Joe: the SystemConsistency class exposed in listing 5.2 starts the reconciliation process by comparing the previous one with the current one. If they are the same, then we'll fast forward and go back to the next one.

Listing 5.2 mediation process in operation

class SystemConsistency {
    static threeWayMerge(current, previous, next) {
        var previousToCurrent = DataDiff.diff(previous, current);
        var previousToNext = DataDiff.diff(previous, next);
        if(DataDiff.isEmptyIntersection(previousToCurrent, previousToNext)) {
            return DataDiff.patch(current, previousToNext);
        }
        throw "Conflicting concurrent mutations.";
    }
    static reconcile(current, previous, next) {
        if(current == previous) {
            return next;
        }
        return SystemConsistency.threeWayMerge(current,
                                               previous,
                                               next);
    }
}

TIP on the one hand, the code of SystemConsistency class is exquisite. On the other hand, the code is stateless.

You: wait a minute! Why do you compare previous and current by reference? You should compare them with values. If you want to compare all the leaves of two nested hash graphs, the amount of calculation will be very large.

Joe: This is another advantage of immutable data: when the data is not mutated, it is safe to compare references. If they are the same, we can determine that the data is the same.

TIP when the data is immutable, it is safe to compare by reference. This is super fast: when the references are the same, it means that the data is the same.

You: how about the implementation of the three-way merging algorithm?

Joe: when the previous is different from the current, it means that the simultaneous mutation has run. To determine whether there is a conflict, we calculate two differences: previousToCurrent and previousToNext. If the intersection of the two differences is empty, it means that there is no conflict. We can safely incorporate the changes caused by the transition from the previous to the next.

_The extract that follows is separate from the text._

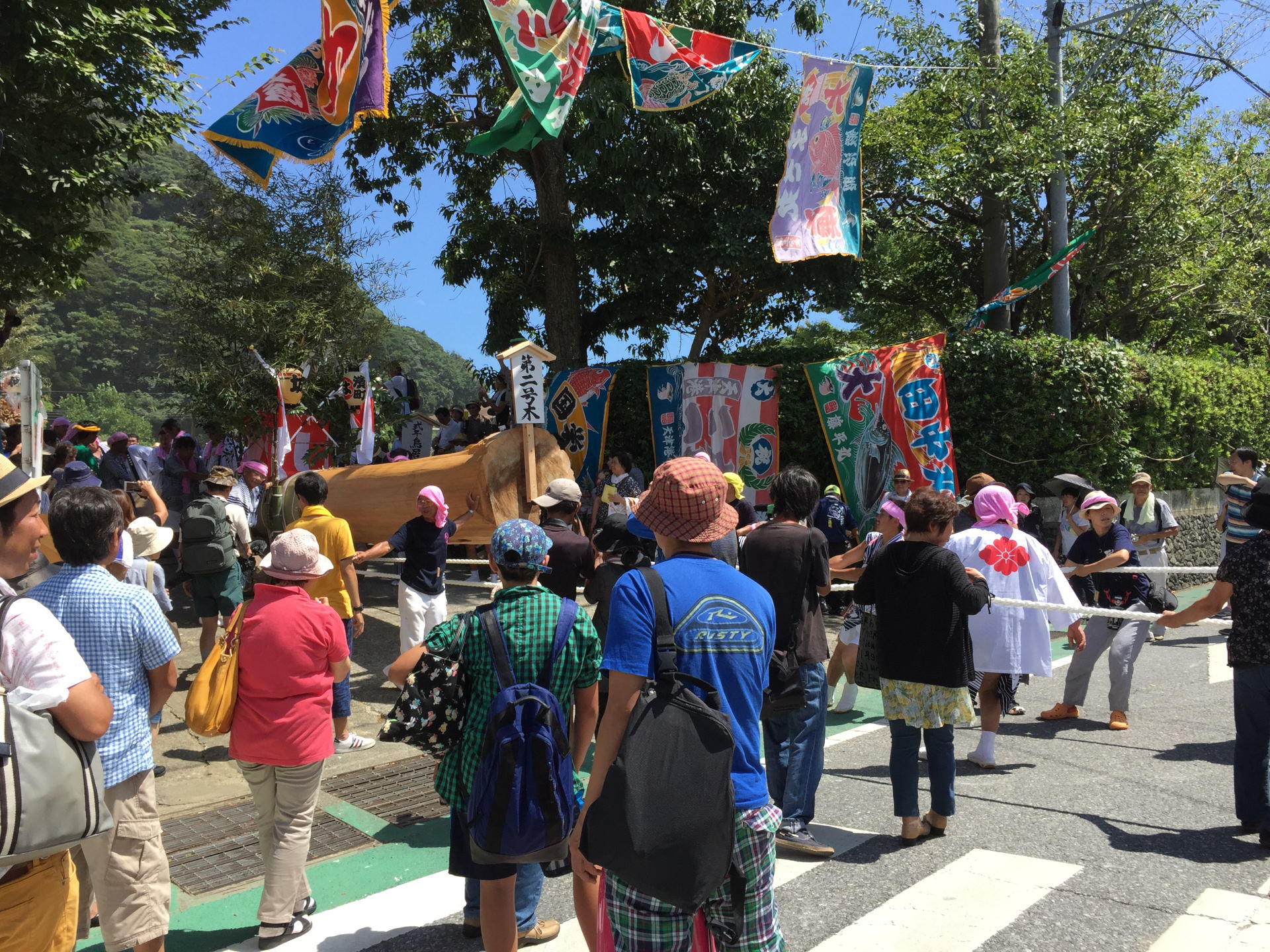 [写真:天津小学校から曵き出される御用木(2015年8月22日)

In terms of code, we merge previousToNext into current.

take a closer look at the code of the SystemConsistency class in listing 5.2. You try to find out whether these codes are thread safe.

You: I don't think the code of the SystemConsistency class in listing 5.2 is thread safe. If there is a context switch between checking whether the system has changed in the SystemConsistency class and updating the state in the SystemData class, a mutation may overwrite the previous mutation.

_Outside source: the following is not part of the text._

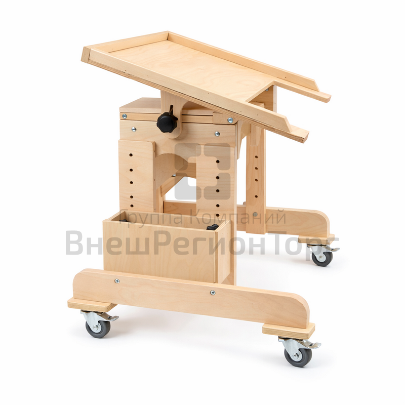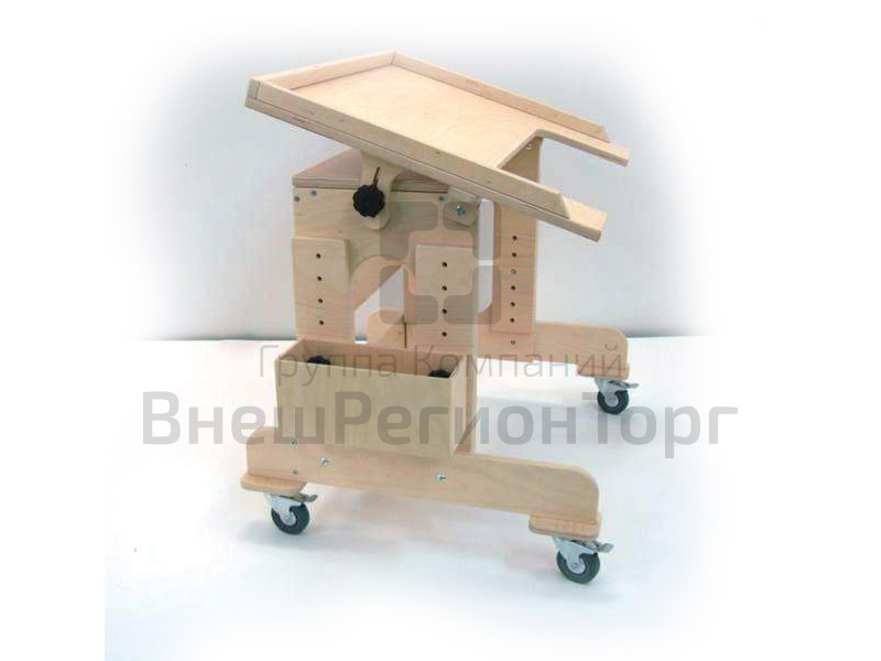 Для удобства перемещения столик снабжен колесиками со стояночными тормозами. К любой из сторон столика можно прикрепить ящик для личных принадлежностей ребенка. Изделие выполнено из высококачественной березовой фанеры.

Joe: you're absolutely right! Code works well in a single threaded environment like JavaScript, where concurrency is handled through event loops. However, in a multithreaded environment, the code needs to be improved and thread safe using atoms. I'll tell you how to do it in the second part.

Warning SystemConsistency class is not thread safe. We will make it thread safe in the second part.

5.5 semantic differences

NOTE this section deals with the implementation of the DataDiff class used by SystemConsistency. If you don't want to challenge your mind with refined recursive details now, feel free to skip this section. This does not prevent you from enjoying the rest of the discussion with Joe throughout the book. You can look at this section later.

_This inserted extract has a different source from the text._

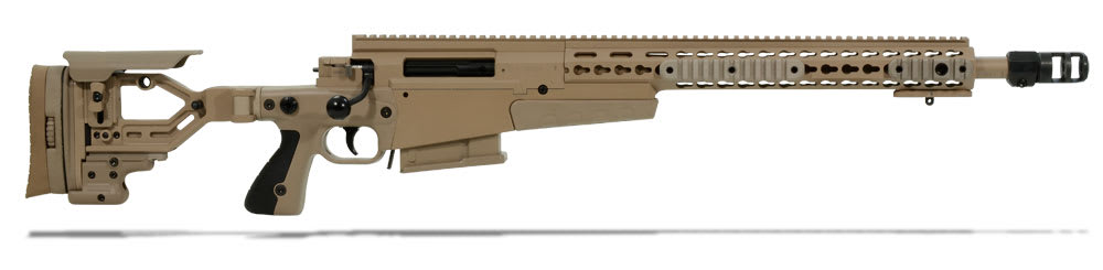 This version of the Accuracy International AXMC is a .300 Winchester Magnum with a 20" threaded barrel with muzzle brake and features a pale brown stock.

TODO: it is acknowledged that this is a simplified version of semantic differences and does not involve deletion.

TODO: admit it's not new.

TODO: renamed structural difference

You: how do you calculate the difference between the system states of different versions?

Joe: This is the most challenging part of the mediation algorithm. The SystemConsistency class uses the DataDiff class for variance calculation. The code of DataDiff class implements a semantic difference algorithm: This is definitely not a trivial matter. But in the end, it only handles data operations.

Listing 5.3 data diff class

class DataDiff {
    static diffObjects(data1, data2) {
        var emptyObject = _.isArray(data1) ? [] : {};
        if(data1 == data2) {
            return emptyObject;
        }
        var keys = _.union(_.keys(data1), _.keys(data2));
        return _.reduce(keys,
                        function (acc, k) {
                            var res = DataDiff.diff(_.get(data1, k),
                                                    _.get(data2, k));
                            if((_.isObject(res) && _.isEmpty(res)) ||
                               (res == "data-diff:no-diff")) {
                                return acc;
                            }
                            return _.set(acc, [k], res);
                        },
                        emptyObject);
    }

    static diff(data1, data2) {
        if(_.isObject(data1) && _.isObject(data2)) {
            return DataDiff.diffObjects(data1, data2);
        }
        if(data1 !== data2) {
            return data2;
        }
        return "data-diff:no-diff";
    }

    static patch(data, diff) {
        return _.merge(data, diff);
    }

    static leaves(obj, prefix = '') {
        return _.reduce(obj,
                        function(acc, v, k) {
                            if (_.isObject(v)) {
                                return _.concat(acc,
                                                DataDiff.leaves(v,
                                                                prefix + k + "."));
                            }
                            return _.concat(acc, [prefix + k]);
                        },
                        []);
    }
    static isEmptyIntersection(delta1, delta2) {
        return _.isEmpty(_.intersection(DataDiff.leaves(delta1),
                                        DataDiff.leaves(delta2)));
    }
}

You: I want to say: refined data processing. It involves a Recursion in reduce()!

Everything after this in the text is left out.